Figure 3

The stroma module represents mesenchymal cell characteristics. (a) Hierarchical clustering of module activity scores, calculated in data representing 51 breast cancer cell lines, showed separation into the main cell line types: luminal, basal A and basal B [50]. Black arrows denote cell lines characterized as representing a claudin-low phenotype [51]. M-Pr, mitotic progression; M-Cp, mitotic checkpoint. (b) Expression of EMT-inducing factors increases expression of genes from the stroma module. Data for the 187 module genes from a dataset representing overexpression of TGF-beta1, Twist, Gsc or Snail in immortalized breast fibroblasts were visualized using heatmaps.
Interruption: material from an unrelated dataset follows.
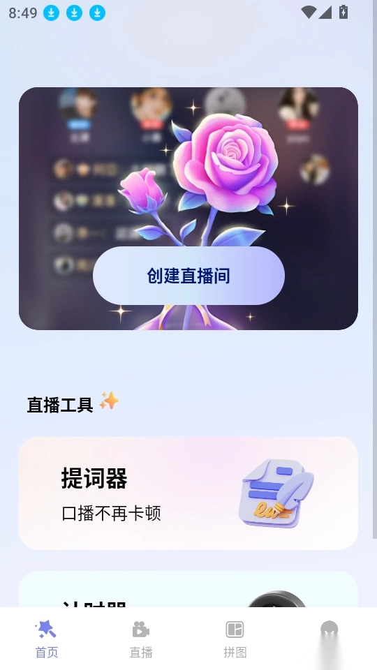 贴心的直播助手可以帮助用户轻松打造自己的直播间,轻松开播。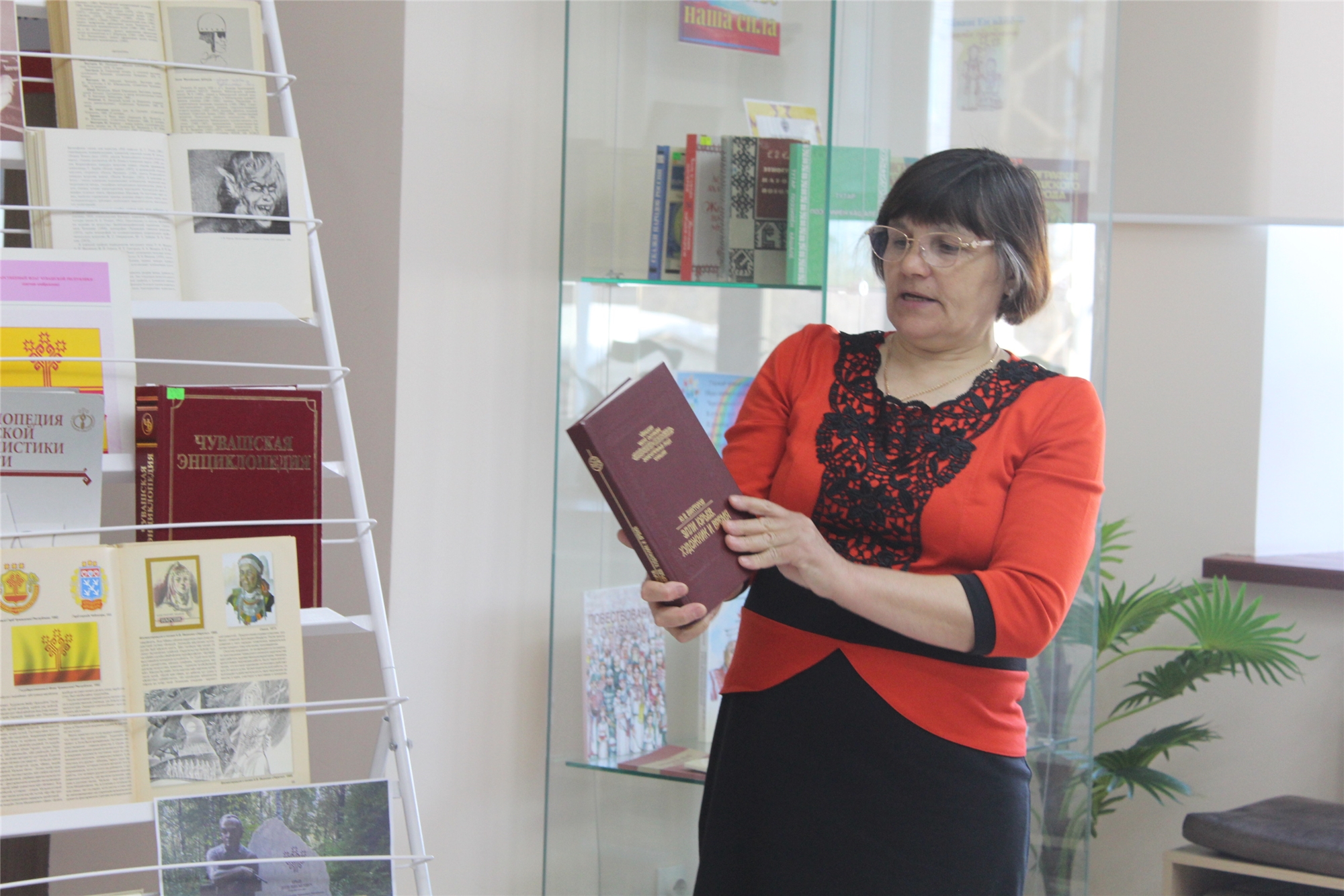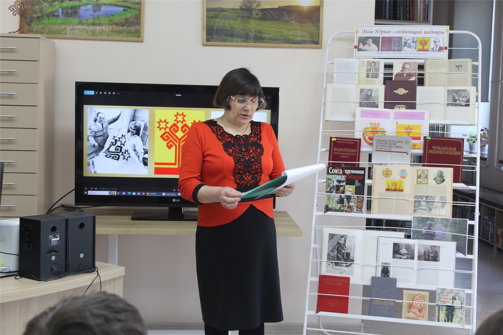 Главный библиотекарь отдела обслуживания Лариса Михайлова познакомила присутствующих с жизнью и творчеством народного художника Чувашской Республики, лауреата Государственной премии Чувашской Республики, почетного гражданина города Чебоксары, автора герба и флага Чувашской Республики, герба столицы Чувашии - Элли Михайловича Юрьева, которому в этот день исполнилось бы 90 лет со дня рождения. В своем повествовании о нем она использовала видеозапись кинохроники «Элли Юрьев. Эскизы к портрету художника» снятой Казанской студией кинохроники в 1994 году, серию его картин «Сирикли – родина художника», материалы книжной выставки «Элли Юрьев - создающий шедевры».

Data are shown as fold changes in relation to mock transfection control. (c) A high stroma module activity score correlates to a more favorable prognosis in patients of the luminal A subtype (P = 0.04, log-rank test), whereas (d) an opposite trend was observed for patients with tumors of the basal-like subtype (P = 0.07, log-rank test). Patients were dichotomized based on a stroma module activity score above or below mean within each subtype. (e) Within the basal-like classified patients a high stroma module activity score correlated to node-positive disease (P = 0.007, t-test). (f) Within the luminal A classified patients a higher stroma module activity score, quantized into four groups, correlated to a smaller tumor size (P = 8*10^-4, ANOVA). (g) Hierarchical clustering of primary breast fibroblasts, fibroblast-like (claudin-low) breast cancer cell lines, and breast cancer cell lines, based on expression of genes in the stroma module. Data from GSE13915 [54].